▶ [Extracted data]:
—————

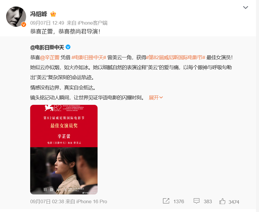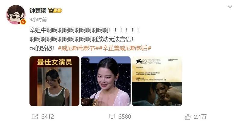 / 众星祝贺辛芷蕾获威尼斯“影后” /
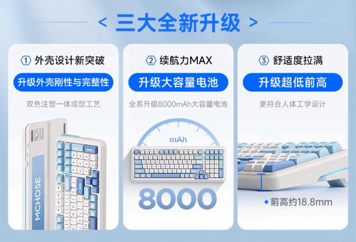 可国补价格200-270,多款旗舰轴体可选;12000mAh大电池续航无忧;
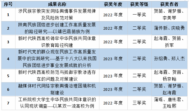 2024年初,陕西省民族宗教事务委员会公布了近2年民族宗教工作优秀调研成果获奖名单。电玩城游戏 电玩城游戏 2022、2023两年共7项成果入选,其中一等奖 1项、二等奖 5项、三等奖1项。
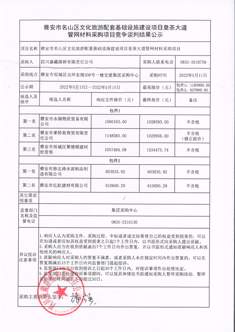 四川康藏路桥有限责任公司雅安市名山区文化旅游配套基础设施建设项目皇茶大道管网材料采购项目竞争谈判结果公示
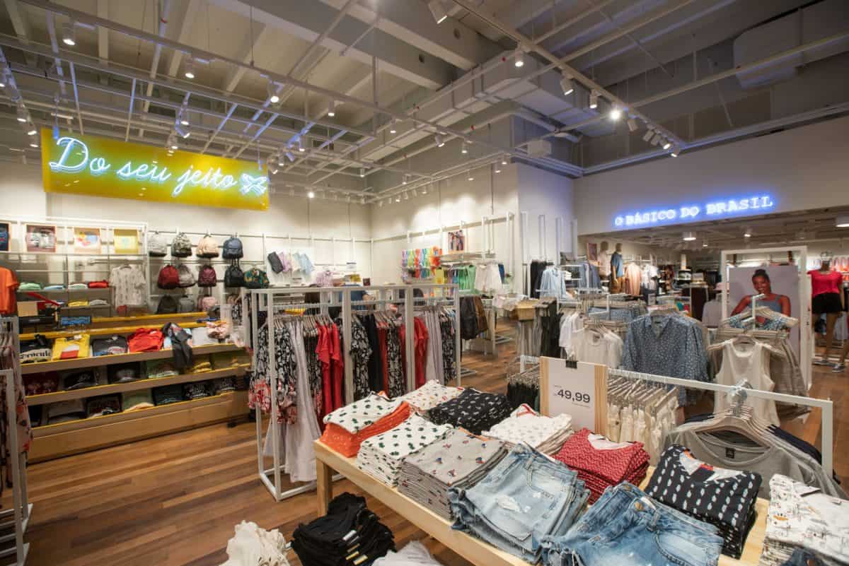 A marca apresenta os itens de moda femininos e masculinos na entrada da loja e, na parte central, inclui as camisetas básicas e o quiosque Hering POP, com peças exclusivas.

—————

▶ [Required work]:
Give back each of the records above word for word, apart from the pictures.

▶ [Answer space]:
 / 众星祝贺辛芷蕾获威尼斯“影后” /
 可国补价格200-270,多款旗舰轴体可选;12000mAh大电池续航无忧;
 2024年初,陕西省民族宗教事务委员会公布了近2年民族宗教工作优秀调研成果获奖名单。电玩城游戏 电玩城游戏 2022、2023两年共7项成果入选,其中一等奖 1项、二等奖 5项、三等奖1项。
 四川康藏路桥有限责任公司雅安市名山区文化旅游配套基础设施建设项目皇茶大道管网材料采购项目竞争谈判结果公示
 A marca apresenta os itens de moda femininos e masculinos na entrada da loja e, na parte central, inclui as camisetas básicas e o quiosque Hering POP, com peças exclusivas.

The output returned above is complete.